Again generously I have assiged 10 CPU's to AD, DHCP, DNS server.
D0 u think the over allocation of the cpu might be causing all this? I was thinking if all of the CPU's are not fully utilized by a single host, why not just assign the extra cpu's while building the host. I can shut the hosts and edit out the allocation if required and if this is what is causing the hosts to lag.
The network switch is a gigabit switch. Please note, the standalone PC is also connected to this switch, there is not bandwith lag on PC. Only on the vm hosts. Plus i think the main issue is due to the lag in the host itself, its also affecting the bandwith.

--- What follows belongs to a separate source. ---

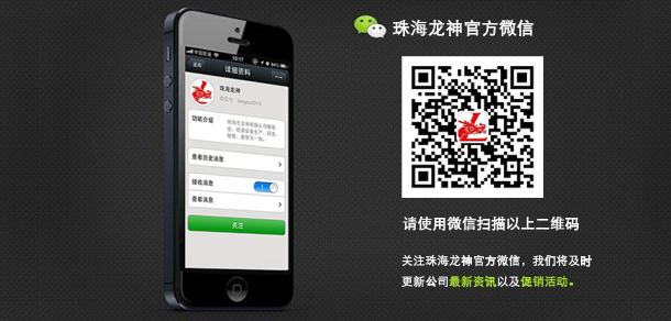 珠海龍神官方微信敬請關(guān)注! 2013-09-18 16695 珠海市龍神有限公司公共微信號已申請成功,請大家多多關(guān)注!掃描二維碼,也可直接搜索公眾微信號“珠海龍神”,我們將不定期發(fā)布公司最新資訊。您也可以發(fā)消息和我們進行互動。查看歷史消息收看您錯過的動態(tài)新聞,讓您第一手掌握最新動態(tài)。

Are there settings one has to edit after installing ESXI for supporting 1gbps internet bandwith? Or tune the cpu, memory etc in the esxi server?
Please guide. Why is the host lagging, hdd slow and internet throttling?
The Chassis is 4U SuperMicro with a SAS2 backplane.
Pls note, the network card is built in to the MBD-X10DRI motherboard (i350 dual gbe LAN)

Or some driver issue?

Oh and btw, i have two disks attached to it 4TB each totalling 8TB, thats where i have a pcie passthrough
 
Last edited:

Evan

Well-Known Member
Jan 6, 2016
3,346
598
113
Way too many vCPU
You will crosss NUMA boundry and you will have scheduling issues, on ESX you need all the cores of the VM to be available in a cycle to process. (So VM servers run best with smallest CPU number that’s needed to run).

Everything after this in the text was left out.